What outcomes should I expect with AI-driven matching?
No responsible product can guarantee that you’ll find “the one.” But an AI built around mutual attraction and authenticity can reasonably aim for improvements like:
- Fewer, more relevant profiles You see a smaller set of people that are closer to your actual type, instead of endless noise.
- Less time swiping, more time deciding The work shifts from “hunt through thousands of profiles” to “decide whether these few, highly curated options are right for you.”
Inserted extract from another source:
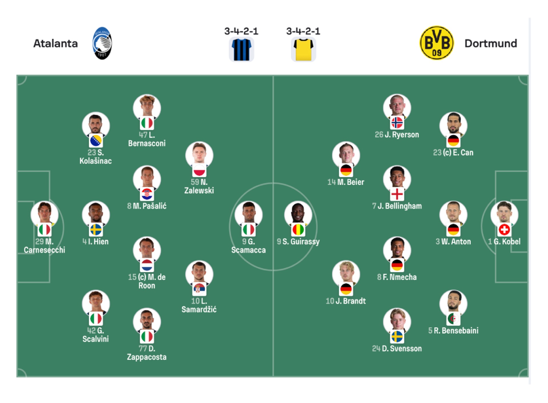 Le scelte iniziali hanno confermato quanto era filtrato alla vigilia. Palladino ha confermato il 3-4-2-1 costruito per dare ampiezza e ritmo alla rimonta dopo lo 0-2 dell’andata, con Carnesecchi tra i pali e la difesa guidata da Hien, chiamato ad annullare Guirassy. Zappacosta e Bernasconi sono stati scelti per fornire spinta sulle fasce, mentre de Roon ha assicurato equilibrio davanti alla difesa. Pasalic è rimasto mezzala per inserimenti e seconde palle, e dietro a Scamacca, è stata schierata la coppia formata da Samardzic e Zalewski con il compito di muoversi tra le linee per creare rifiniture e strappi verticali. Le parole di Palladino alla vigilia evidenziavano proprio la volontà di provare l’impresa dal primo all’ultimo minuto, con un clima “infuocato” allo stadio e la consapevolezza di poter contare sull’energia ritrovata dopo la rimonta col Napoli. Sul fronte del Borussia Dortmund Kovac ha mantenuto anch’egli il 3-4-2-1, puntando su un reparto difensivo più fisico e solido con Anton e Bensebaini ai lati, e Ryerson e Svensson come quinti per offrire spinta ma anche ripiegamenti rapidi. In mediana Nmecha e Bellingham hanno garantito equilibrio e progressione, con Brandt e Beier alle spalle di Guirassy per connettere in rifinitura e attaccare la profondità. Dalle dichiarazioni del tecnico tedesco era emersa fiducia nella solidità della sua squadra, sottolineando che il suo Dortmund era pronto a gestire la qualificazione con esperienza e scelte pragmatiche.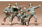 This is a 1/35 scale plastic model assembly kit depicting U.S. infantry in Western Europe after the Normandy Landings in June 1944. _Their subjects are captured in realistic pose: lobbing a grenade, cocking firearms and holding a flamethrower. _Three of the figures are depicted in standard cloth legwear, and one in leather.

- More matches that feel exciting on both sides Because the system is looking for mutual attraction, you’re less likely to end up in lukewarm, one-sided situations.
- Lower emotional burnout When you’re not constantly chasing small hits of validation, it’s easier to stay grounded, hopeful, and selective.
In Iris’s case, the entire product is oriented around those outcomes: use AI to raise the quality of intros rather than inflate the quantity of distractions.
How do verified intros change the experience?
“Verified intros” combine two ideas: real people and mutual intent.
In practice, that means:
- Profiles go through meaningful verification so you know there’s a real person behind the photos
- AI has already done a layer of filtering for potential mutual attraction
- You’re introduced only when there’s a strong reason to believe both of you might genuinely click
This changes the feel of the app:
- Less anxiety about whether the person is real or what they actually look like
- Fewer situations where you invest in someone who was never serious to begin with
- First messages that feel more intentional, because both sides already passed multiple “filters”
Iris was built from the ground up around this concept. Its verification stance and AI matching work together: authenticity + attraction, safety + quality, not one or the other.
Bringing it all together
If dating apps have felt broken for you, it’s not a personal failing. It’s the result of:
- Popularity-driven algorithms
- Minimal verification and catfishing
- Swipe mechanics that reward time spent, not real connections
- A total disregard for the actual math of mutual attraction
AI doesn’t magically fix that on its own. But when it’s used to learn your preferences, predict mutual attraction, and gate introductions to verified, authentic people, the experience changes.
Iris is one example of an app built on that new model: fewer swipes, more signal, and a system designed to make rare, mutual attraction a little less of a lottery.